### ACTIVITY:
Print every record below exactly, minus the pictures.

### RAW DATA:
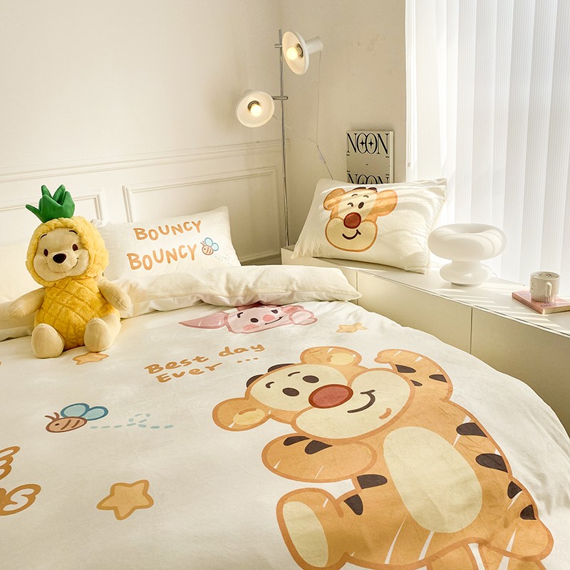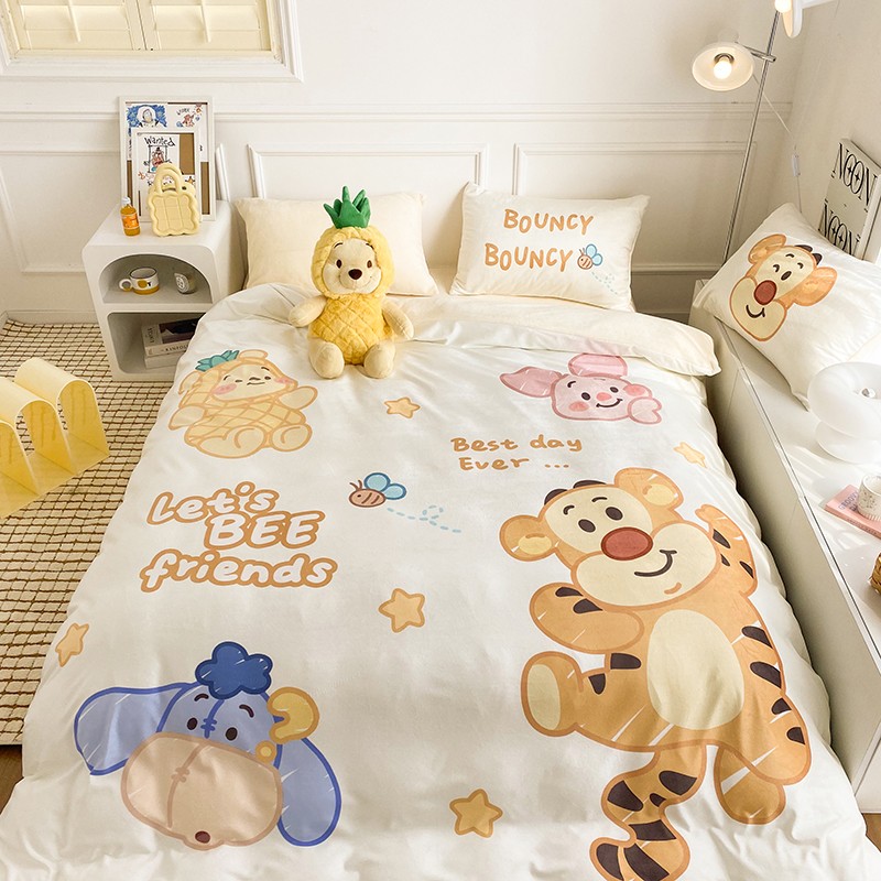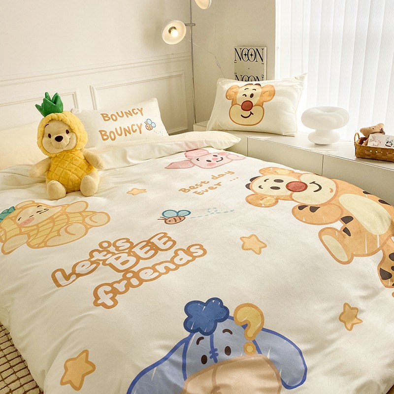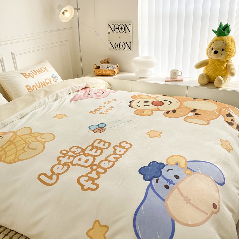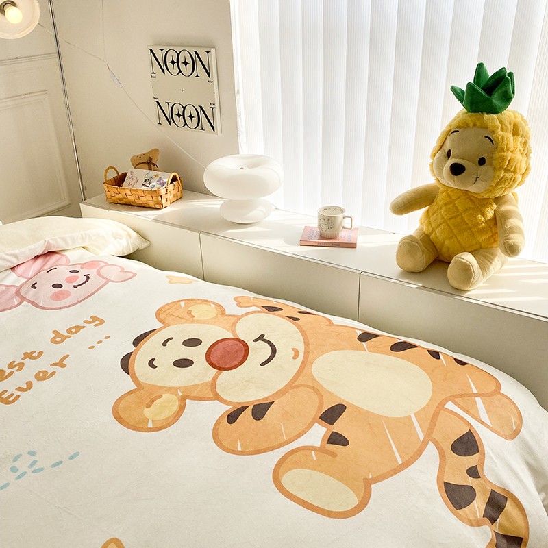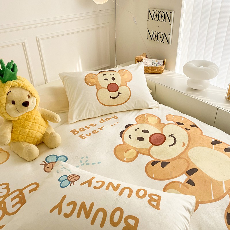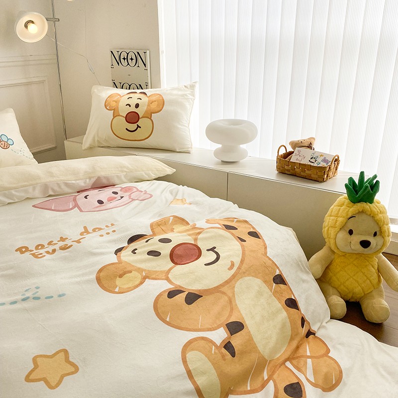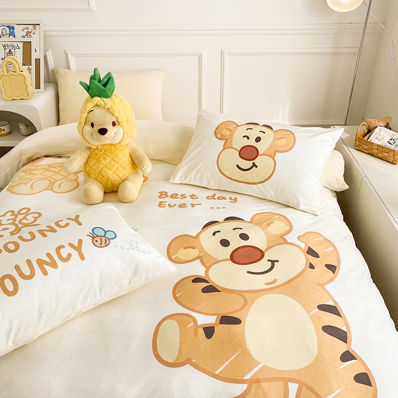 圆岛家纺2022新款迪士尼大版牛奶绒宝宝绒四件套跳跳虎&噗噗
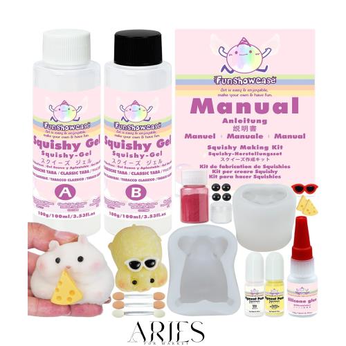 初心者向けの簡単な作り方:1.スクイーズジェルAとBを1:1の割合で混合します。2.好みによって顔料を加えてかき混ぜます。3.モールドに流し込んで2時間を硬化させます。4.完成!おまけのフロッキングパウダーを加えると、ふわふわな手触りになって可愛いでたまらないです!モチモチ気持ち良すぎてずっと触りたいです♪包装用自粘着バッグに入れてキャンディバッグも作れます!
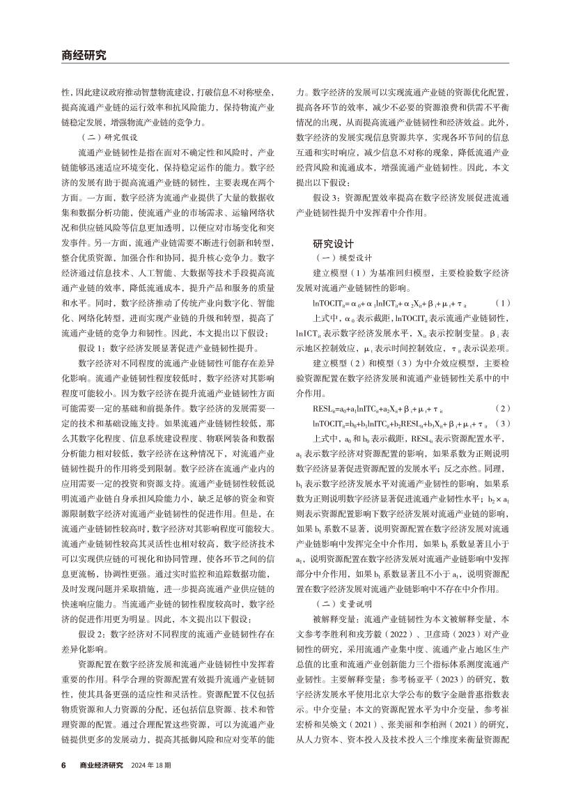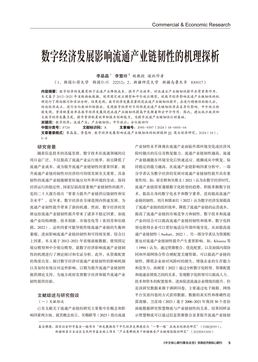 | 数字经济发展影响流通产业链韧性的机理探析 |
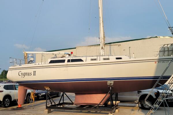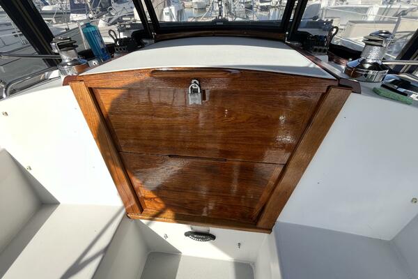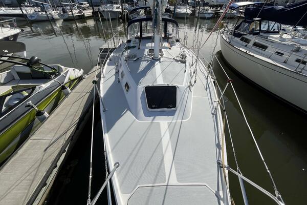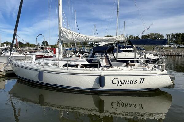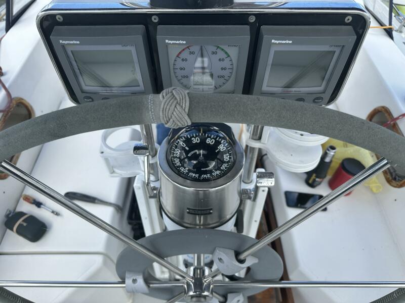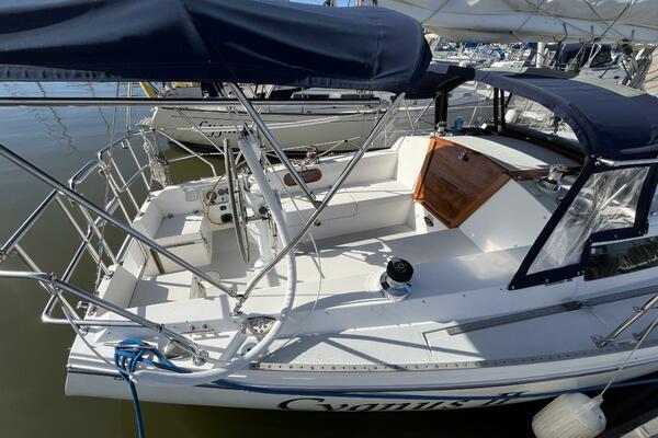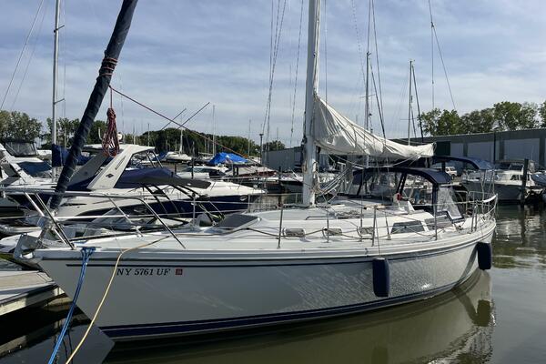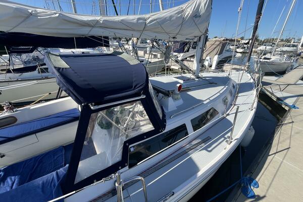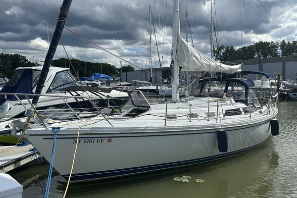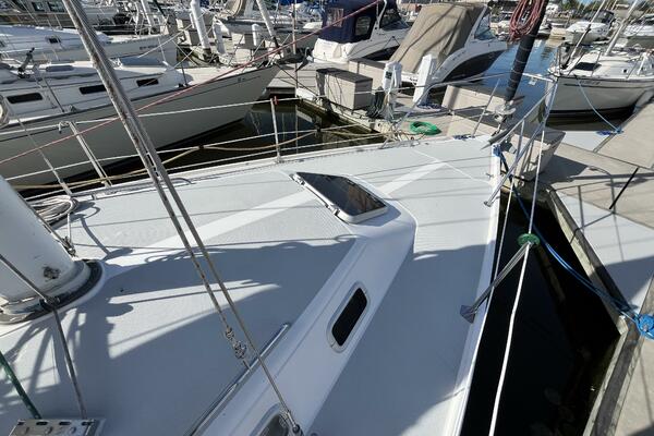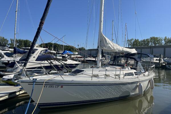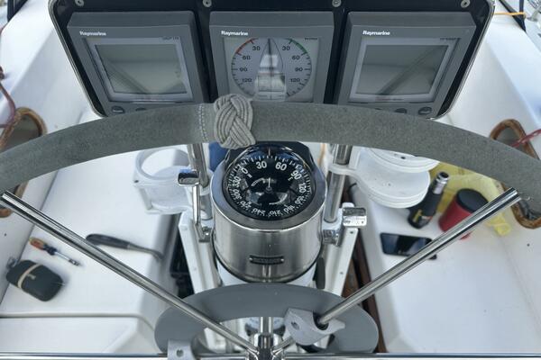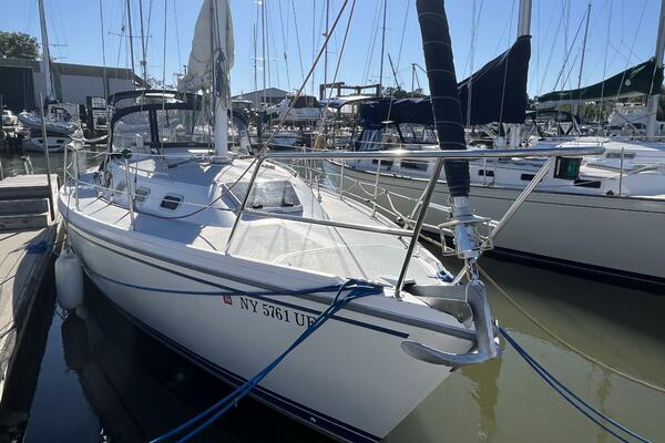 Walk-through transom, white hull with gray non-skid side decks. Dodger and Bimini with complete cockpit enclosure. Leather wrapped wheel. Maxwell anchor windless. Wash hose in anchor locker. New Lewmar 44 lb. claw anchor with 200’ chain/nylon rode. Two Lewmar #46 self-tailing primary winches, one #30 and one #40 self-tailing cabin top winches. Johnson Pump 4000 gal/hr bilge pump. Cockpit white poly fold down drop leaf tablewith drink holders. Magma party-size propane grill with new stainless-steel top and new grilling surface.
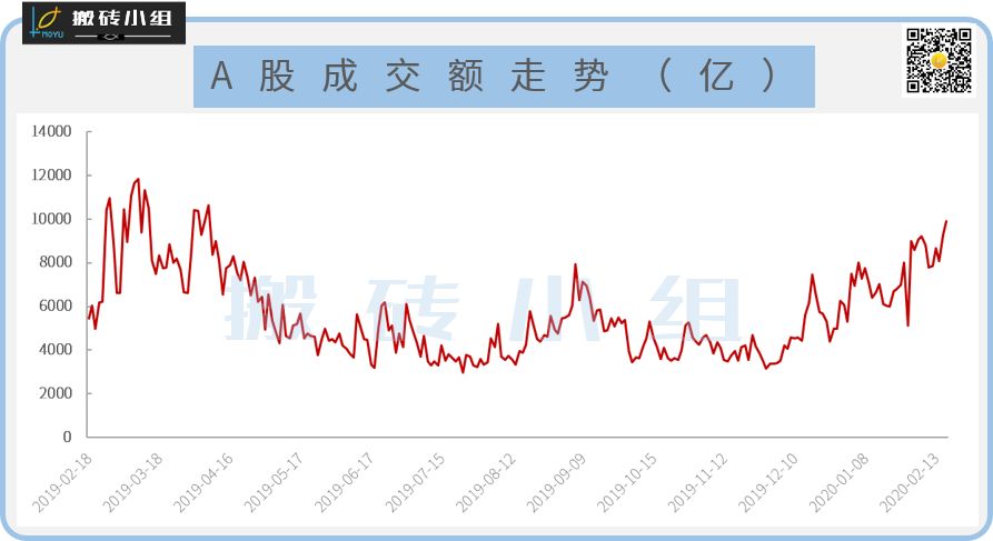 基金发行火爆,场外资金不断流入,直接的表现就是市场的交投十分的活跃,最近的成交量比春节前上了一个台阶,尤其是在今天,两市成交接近万亿,创下了年内成交量新高!
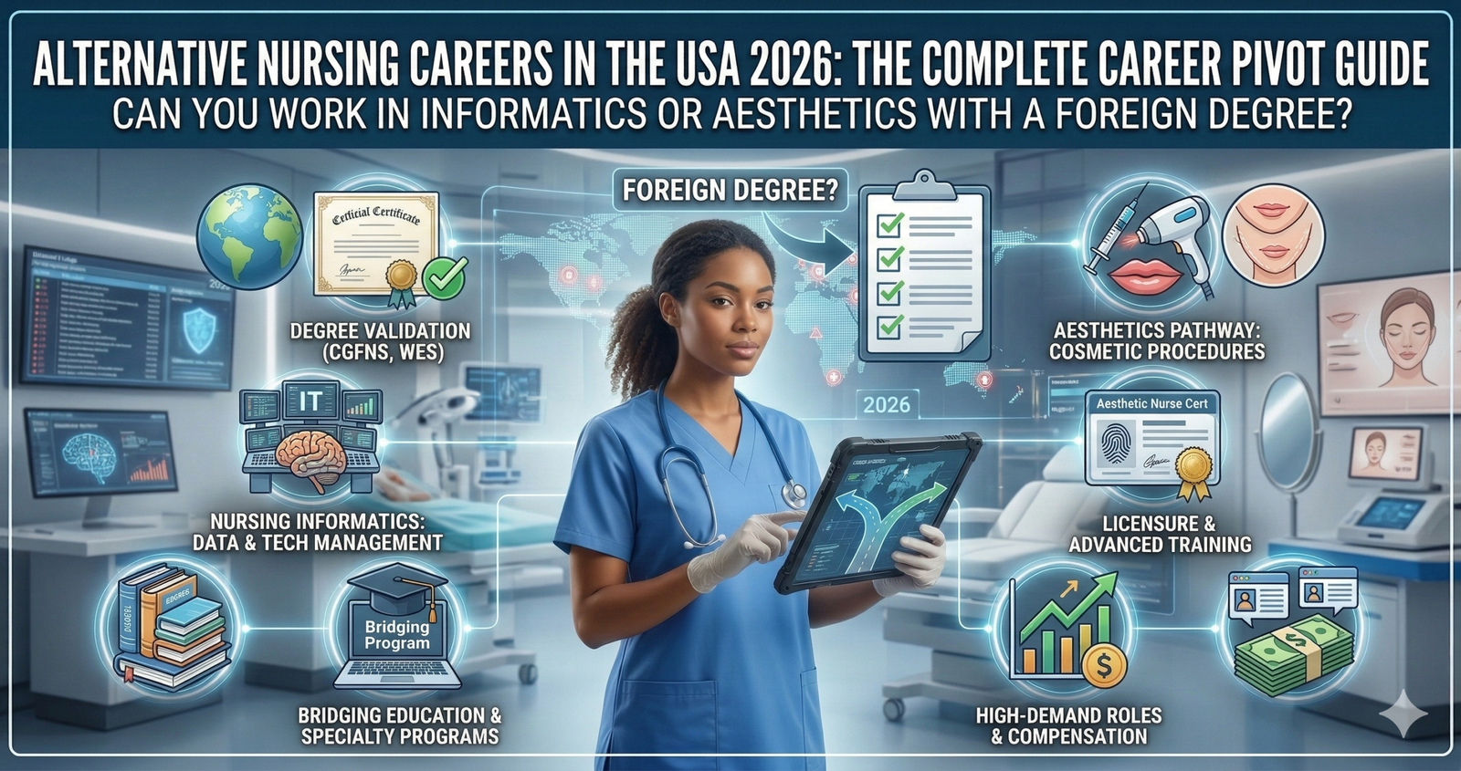 Explore Alternative Nursing Careers in the USA 2026: Can You Work in Informatics or Aesthetics with a Foreign Degree? The Complete Career Pivot Guide. Opportunity nursing careers with inside the USA in 2026 — find out how foreign-diploma nurses can transition into informatics or aesthetics with the proper steps & certifications.

### SOLUTION FOR THIS EXERCISE:
 圆岛家纺2022新款迪士尼大版牛奶绒宝宝绒四件套跳跳虎&噗噗
 初心者向けの簡単な作り方:1.スクイーズジェルAとBを1:1の割合で混合します。2.好みによって顔料を加えてかき混ぜます。3.モールドに流し込んで2時間を硬化させます。4.完成!おまけのフロッキングパウダーを加えると、ふわふわな手触りになって可愛いでたまらないです!モチモチ気持ち良すぎてずっと触りたいです♪包装用自粘着バッグに入れてキャンディバッグも作れます!
 | 数字经济发展影响流通产业链韧性的机理探析 |
 Walk-through transom, white hull with gray non-skid side decks. Dodger and Bimini with complete cockpit enclosure. Leather wrapped wheel. Maxwell anchor windless. Wash hose in anchor locker. New Lewmar 44 lb. claw anchor with 200’ chain/nylon rode. Two Lewmar #46 self-tailing primary winches, one #30 and one #40 self-tailing cabin top winches. Johnson Pump 4000 gal/hr bilge pump. Cockpit white poly fold down drop leaf tablewith drink holders. Magma party-size propane grill with new stainless-steel top and new grilling surface.
 基金发行火爆,场外资金不断流入,直接的表现就是市场的交投十分的活跃,最近的成交量比春节前上了一个台阶,尤其是在今天,两市成交接近万亿,创下了年内成交量新高!
 Explore Alternative Nursing Careers in the USA 2026: Can You Work in Informatics or Aesthetics with a Foreign Degree? The Complete Career Pivot Guide. Opportunity nursing careers with inside the USA in 2026 — find out how foreign-diploma nurses can transition into informatics or aesthetics with the proper steps & certifications.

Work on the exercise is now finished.